1. The ports usually have the latest version of sendmail available on
   the day of the sendmail release.  On the other hand, I don't import
   every release on the the day of the release.  Call me a wimp but I
   prefer to let releases shake out a little before forcing them on
   everyone.  Witness the time delay in getting sendmail 8.12 into the
   tree.  I also wouldn't be honest if I didn't say that I sometimes
   don't have time to do it immediately.

2. The sendmail built with the OS only includes support for items that
   come with the base OS.  The port allows users to build sendmail with
   features not available in the base OS such as SASL and LDAP.

3. The ports have the ability to track beta versions of sendmail.

4. The ports give users a way to modify the way sendmail is built
   without requiring them to keep /usr/src up to date and build world.
   While many of us are quite comfortable doing a make buildworld and
   make installworld (on a running multiuser system no less), other
   users wouldn't even know where to begin.

5. The ports can enable experimental features I am not willing to turn
   on in the base OS.  For example, the port offered milter support
   during the 8.11 release.

6. The ports can be upgraded to new versions while the operating system
   isn't upgraded.  For example, some users out there are still running
   FreeBSD 3.X (or even 2.X) and can use the ports to get sendmail 8.12.

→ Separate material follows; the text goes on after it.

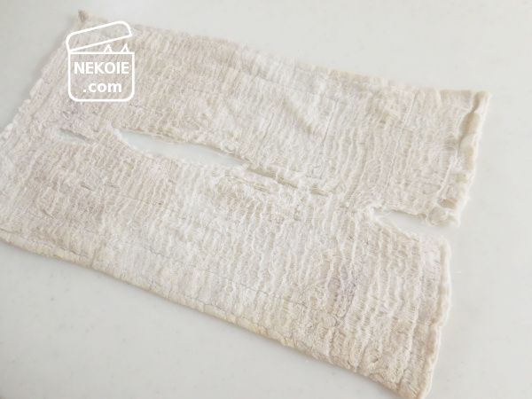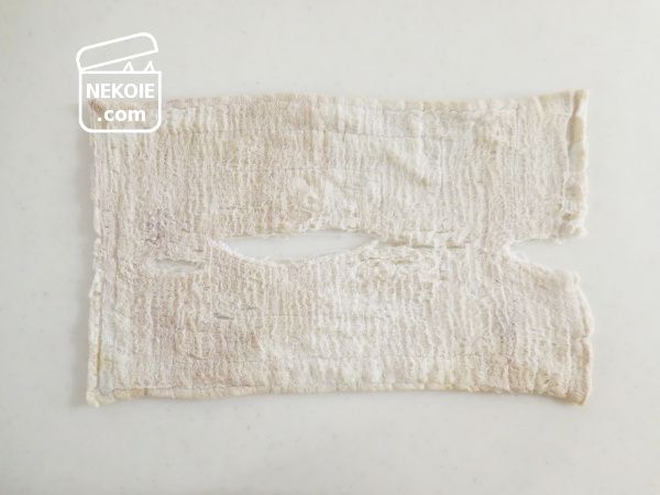 このひと手間は十年以上続けているのですが、そのための道具には色々なものを取り入れており、つい先日までは処分前の蚊帳ふきんだったんです。

Dirk Meyer does a great job at actively maintaining the port and I
personally appreciate his hard work.


         Why did you change the infrastructure in the first place?

Much of this debate started when I started MFC'ing 8.12.  Unfortunately,
the questions didn't come up when I posted the -CURRENT patch for
review, when I committed 8.12 to -CURRENT, when I waited weeks for
comments before MFC'ing, when I posted a patch to -STABLE for review.
People waited until *after* I started committing to -STABLE.  But, no,
I'm not bitter about that.  :) (Note: humor, don't flame me)

I had to change /etc/rc so that if sendmail_enable was set to NO, a
submit-only daemon was started.  (Due to a bug in the new /etc/rc, an
extra queue running daemon was also started.  That is now fixed in
-CURRENT and will be MFC'ed in 1 week unless something comes up.)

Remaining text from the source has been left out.